Classification and regression(prediction)
What are the 2 goals of unsupervised learning?
- Segment data into groups;
- detect patterns where the target variable is unknown
What are four methods of unsupervised learning?
- Association rules & recommendation systems
- Cluster analysis
- Data & dimension reduction
- Data exploration/visualization
What are the 7 steps in data mining?
- Define business purpose
- Obtain data (random sampling)
- Explore, clean, pre-process (reduce data)
- Specify task and choose technique
- Iterative implementation and tuning
- Assess and compare results
- Deploy solution
What is collaborative filtering?
Technique to make predictions/recommendations by leveraging:
- preferences,
- behaviors, or
- interactions of groups/users
How does collaborative filtering operate?
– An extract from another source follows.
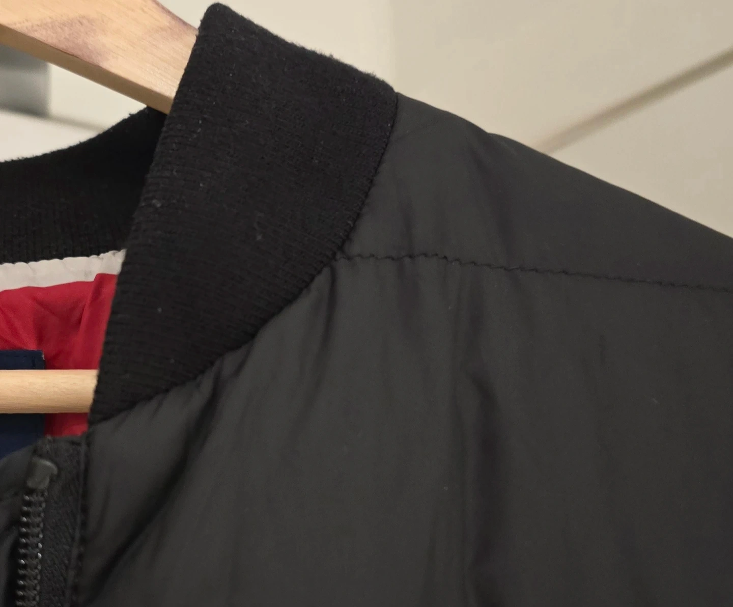 Black puffer jacket with the iconic La Baie d'Hudson stripe lining, cute zipper detail.

Individuals with similar preferences in the past are likely to share preference in the future
What are three examples of real world applications recommendation systems?
- e-commerce platforms,
- streaming services, and
- social networks
What is association rules mining?
Focuses on discovering relationships or patterns between items in transactional data
What does collaborative filtering aim to provide? and how?
Aims to provide personalized recommendations by
leveraging user interactions and similarities
What are the two ways to measure similarity?
- Pearson correlation and
- cosine similarity
What are the ranges when using pearson correlation?
-1 (perfect negative) to 1 (perfect positive)
What are the ranges when using cosine similarity?
0 (no similarity) to 1 (perfect similarity)
Why isnt collaborative filtering not be used to create recommendations for new users or new items?
Suffers from cold start
What are the advantages of the clustering alternative?
Move large computations and faster/cheaper
What are the disadvantages of the clustering alternative?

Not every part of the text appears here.